Retention & Lifecycle — Master Index & Cross-Cutting Roadmap
Date: 2026-06-16 · Status: Research-only. Nothing in this master or its five linked docs has been built. This is a planning spine, not a changelog. Theme: How Print-Flow-360 keeps the customers it already has — both the tenants it sells the SaaS to, and the end-customers those tenants sell print to. Retention is cheaper than acquisition and compounds into NRR; this master ties five independent research streams into one sequenced plan so we build shared infrastructure once instead of five times.
TL;DR
Five 2026-06-16 research docs each tackle a slice of retention and lifecycle: onboarding/activation, lifecycle & behavioral email, dunning / involuntary churn, NPS/CSAT & health scoring, and a community moat. Read individually they look like five separate builds. Read together, they collapse onto two shared platforms — a triggered journey/automation engine + event bus, and a health-score/signals layer — that nearly every topic depends on. The revenue-protective work (onboarding activation, dunning) is P0; the shared lifecycle-email engine is the P1 platform that unblocks NPS delivery, win-back, and nudges; health scoring is P1; community is the P2 long-horizon NRR play. Everything is framed by two audiences: the platform retaining tenants (Audience-1) and store owners retaining their end-customers (Audience-2) — and the docs are strict about never letting Audience-1 plumbing leak into Audience-2 tenant-scoped engines (or vice versa).
Index — the five docs
| # | Doc | One-line hook |
|---|---|---|
| 1 | RETENTION_CUSTOMER_SUCCESS_ONBOARDING_2026-06-16.md | The setup checklist exists but onboarding “done” stops at setup, not the first-order activation event — and its state lives in browser localStorage with zero landlord visibility. |
| 2 | RETENTION_LIFECYCLE_BEHAVIORAL_EMAIL_2026-06-16.md | Strong broadcast campaigns + a one-shot automation engine, but no journey/drip engine, no behavioral triggers (abandoned cart, win-back), and no per-recipient enrolment or frequency cap. |
| 3 | RETENTION_DUNNING_INVOLUNTARY_CHURN_2026-06-16.md | Stripe retries cards, but nothing local consumes the failure webhooks — charge_failed is never written, BillingService::renew() is never scheduled, and there’s no card-expiry warning or self-serve card update. |
| 4 | RETENTION_NPS_CSAT_HEALTH_SCORING_2026-06-16.md | No survey or health-score spine for either audience today; the Action Center rule engine + a 90-day at-risk proxy + existing delivery rails are a strong foundation for a shared survey spine and two HealthScoreService classes. |
| 5 | RETENTION_COMMUNITY_MOAT_2026-06-16.md | The two hardest raw materials for a community moat already exist (the designer template engine over one shared designer_documents table, and a half-built PlatformInquiry intake) — turning them into a community template library + public roadmap/voting is mostly additive. |
The two-audiences lens (the organizing frame)
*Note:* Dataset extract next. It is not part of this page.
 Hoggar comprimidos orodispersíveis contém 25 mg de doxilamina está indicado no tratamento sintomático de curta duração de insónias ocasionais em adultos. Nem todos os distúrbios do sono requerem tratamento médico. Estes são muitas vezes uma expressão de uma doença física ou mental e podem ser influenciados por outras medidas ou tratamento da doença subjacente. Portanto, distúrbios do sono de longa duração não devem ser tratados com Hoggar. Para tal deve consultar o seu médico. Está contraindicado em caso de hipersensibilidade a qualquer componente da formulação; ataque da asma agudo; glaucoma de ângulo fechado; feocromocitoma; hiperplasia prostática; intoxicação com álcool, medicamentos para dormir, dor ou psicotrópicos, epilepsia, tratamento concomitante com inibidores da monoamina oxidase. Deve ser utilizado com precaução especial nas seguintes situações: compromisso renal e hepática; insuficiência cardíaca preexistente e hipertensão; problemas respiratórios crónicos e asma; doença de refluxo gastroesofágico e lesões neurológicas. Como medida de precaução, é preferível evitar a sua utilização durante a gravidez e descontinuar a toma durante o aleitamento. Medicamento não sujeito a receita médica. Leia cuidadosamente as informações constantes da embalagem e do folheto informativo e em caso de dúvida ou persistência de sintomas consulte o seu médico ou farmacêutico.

Every retention decision in this master sorts into exactly one of two audiences. Confusing them is the recurring failure mode the docs warn against.
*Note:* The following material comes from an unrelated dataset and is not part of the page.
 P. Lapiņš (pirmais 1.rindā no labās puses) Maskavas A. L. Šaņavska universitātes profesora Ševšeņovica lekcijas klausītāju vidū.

| Audience-1 — Platform ↔ Tenant | Audience-2 — Store owner ↔ End-customer | |
|---|---|---|
| Who churns | The store owner (our paying SaaS tenant) | The shopper buying print from a tenant’s store |
| Churn metric | Logo churn / NRR / MRR | Repeat-purchase rate / customer LTV |
| Owned by | Landlord / System jobs (app/Jobs/System, resources/views/emails/system) | Tenant-scoped engines (Automation, Journey, campaigns) |
| Topics that serve it | Onboarding activation, dunning, tenant health, community | Lifecycle/behavioral email (abandoned cart, win-back), customer health, NPS/CSAT to shoppers |
| Hard rule | Never run landlord dunning/nudges through the tenant Automation engine or PAYMENT_FAILED template (wrong audience) | Never let cross-tenant community data leak past BelongsToTenant; never show tenant UUIDs as authorship |
Several topics have both an Audience-1 and an Audience-2 face (notably health scoring and lifecycle journeys). The plan keeps them as separate code paths sharing a common substrate, never one engine straddling both.
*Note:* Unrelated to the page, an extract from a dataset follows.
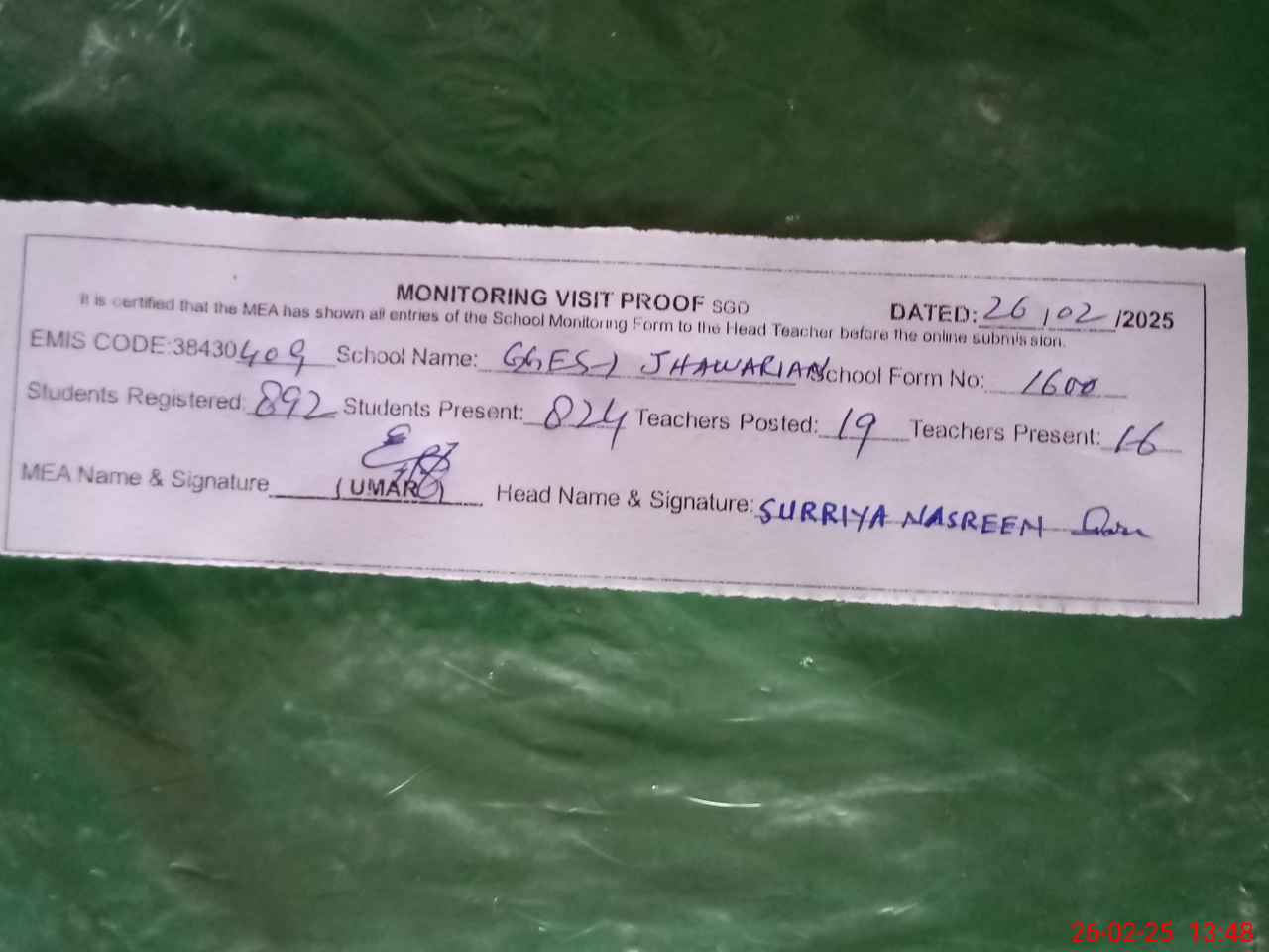 | Certified that this School was Inspected by the Undersigned MEA/DMO Today and the Information Stated Above is as Per Record. | |||||

Cross-cutting view — build once, reuse many
The five docs independently converge on the same two pieces of shared infrastructure. Building these first turns four of the five topics from “new system” into “new caller.”
Shared platform A — Triggered journey/automation engine + event bus
The single highest-leverage shared build. It extends the existing one-shot automation substrate (reuse ActionExecutor.php and its [token] parser verbatim) into a multi-step, delayed, per-recipient journey engine.
Depends on it:
- Doc 2 (lifecycle email) — is this engine:
Journey/JourneyStep/JourneyEnrolment(HasUuid + BelongsToTenant),ProcessJourneyStepJobwith delayed dispatch, abandoned-cart recovery as the flagship journey. - Doc 4 (NPS/CSAT) — delivers transactional surveys via the same rails: add an
order_deliveredtrigger, embed the first question in email; no new delivery engine. - Doc 1 (onboarding) — proactive nudge sequences (Day 3 / Day 7 stalled-onboarding) ride the same trigger/job pattern, on the landlord side as System jobs.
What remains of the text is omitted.